▸ **ASSIGNMENT**
Repeat every entry word for word; omit all pictures.

▸ **RECORD SET**
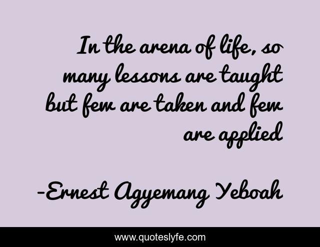 This page presents the quote "In the arena of life, so many lessons are taught but few are taken and few are applied". Author of this quote is Ernest Agyemang Yeboah. This quote is about decievers, educational, apply-what-you-learn, educational-philosophy, love, life, wisdom, life-lessons, courage,.
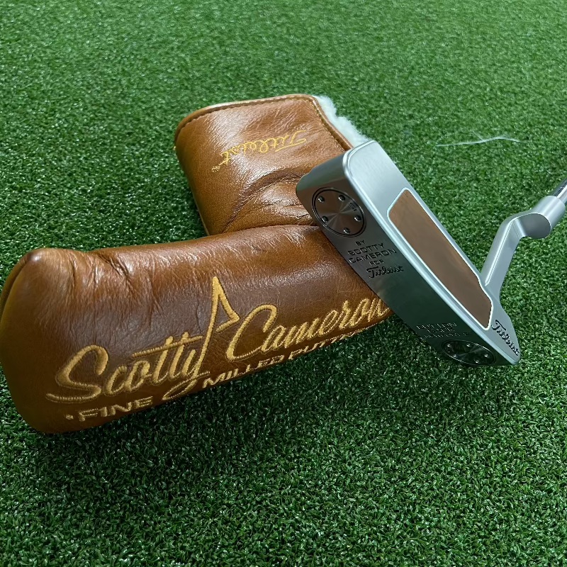 With its copper-coloured paintfill accents, stepless steel shaft, and rich, luxurious leather griphand stitched with matching copper-coloured thread no lessthe Button Back Newport 2 has a single sight line in the flange and a solitary Scotty engraving up the neck.
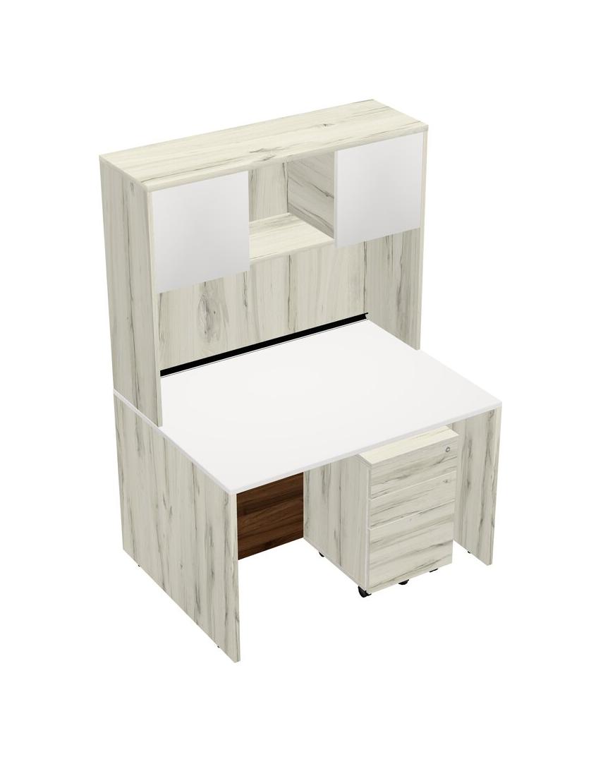 White Rectangular Office Desk Plus Heinne Holz Wooden Mobile Drawers And Heinne Holz Hutch
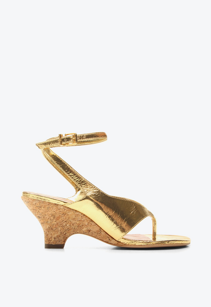 Sandália Tegani dourado. Com design autoral e proporções que entregam presença, conforto e versatilidade. O cabedal estilo toe sandal garante feminilidade e elegância, enquanto o salto escultural em cortiça natural acrescenta leveza e um toque marcante. Com fechamento em fivela ajustável, é a escolha perfeita para quem busca um sapato estiloso, sofisticado e confortável, ideal para acompanhar produções descomplicadas ou mais fashion das VCZ lovers.
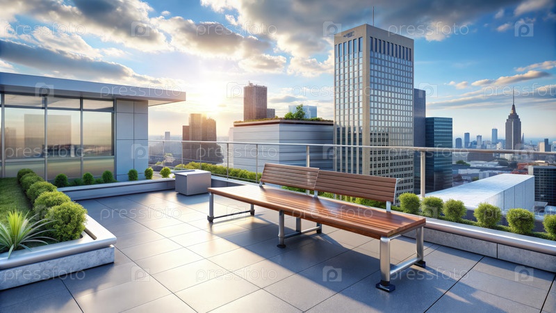 Больничная скамейка на крыше, с видом на горизонт города при закате
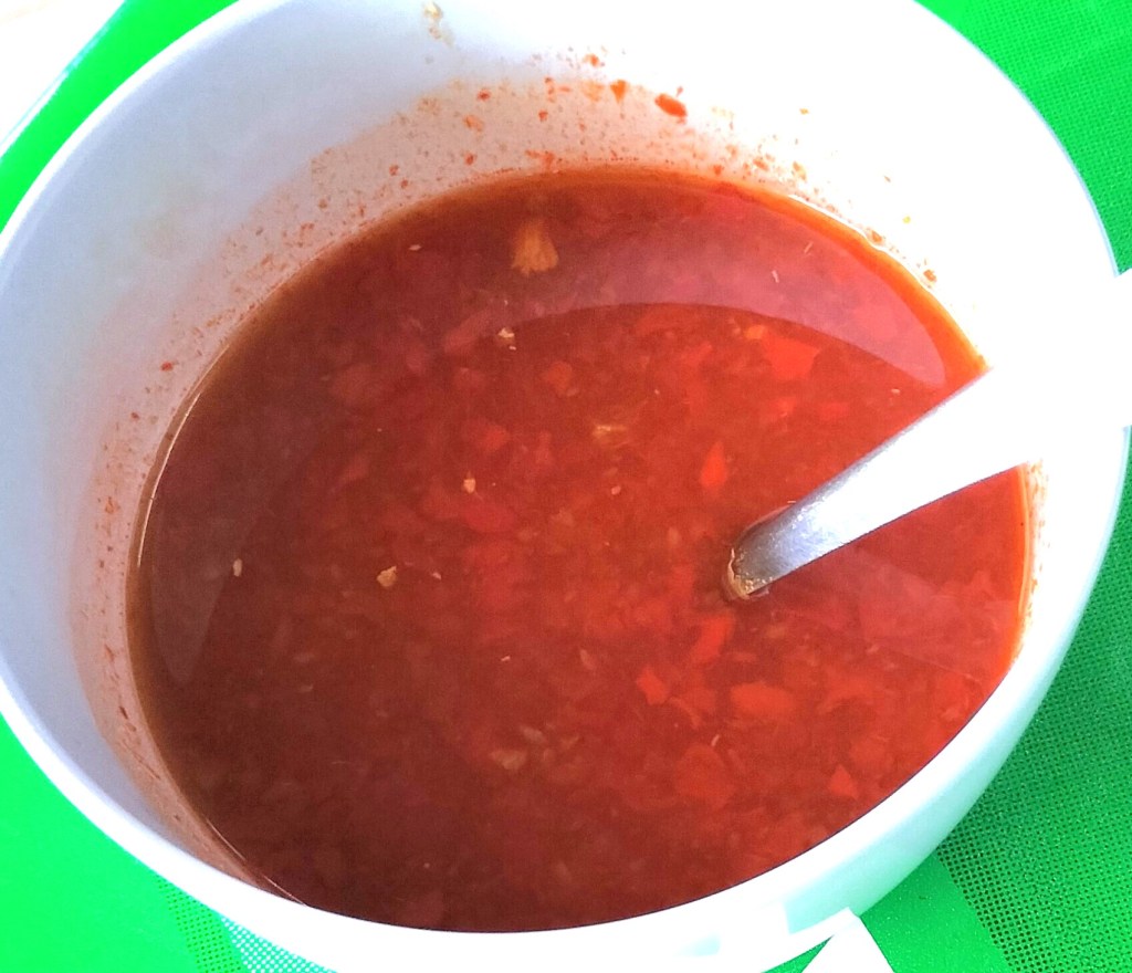 「ナムプリックオン」 น้ำพริกอ่อง 豚ひき肉とトマトから作られ、カオニャオや温野菜や新鮮な生野菜と合わせて食べる フアンムアンチャイ

▸ **TASK SOLUTION**
 This page presents the quote "In the arena of life, so many lessons are taught but few are taken and few are applied". Author of this quote is Ernest Agyemang Yeboah. This quote is about decievers, educational, apply-what-you-learn, educational-philosophy, love, life, wisdom, life-lessons, courage,.
 With its copper-coloured paintfill accents, stepless steel shaft, and rich, luxurious leather griphand stitched with matching copper-coloured thread no lessthe Button Back Newport 2 has a single sight line in the flange and a solitary Scotty engraving up the neck.
 White Rectangular Office Desk Plus Heinne Holz Wooden Mobile Drawers And Heinne Holz Hutch
 Sandália Tegani dourado. Com design autoral e proporções que entregam presença, conforto e versatilidade. O cabedal estilo toe sandal garante feminilidade e elegância, enquanto o salto escultural em cortiça natural acrescenta leveza e um toque marcante. Com fechamento em fivela ajustável, é a escolha perfeita para quem busca um sapato estiloso, sofisticado e confortável, ideal para acompanhar produções descomplicadas ou mais fashion das VCZ lovers.
 Больничная скамейка на крыше, с видом на горизонт города при закате
 「ナムプリックオン」 น้ำพริกอ่อง 豚ひき肉とトマトから作られ、カオニャオや温野菜や新鮮な生野菜と合わせて食べる フアンムアンチャイ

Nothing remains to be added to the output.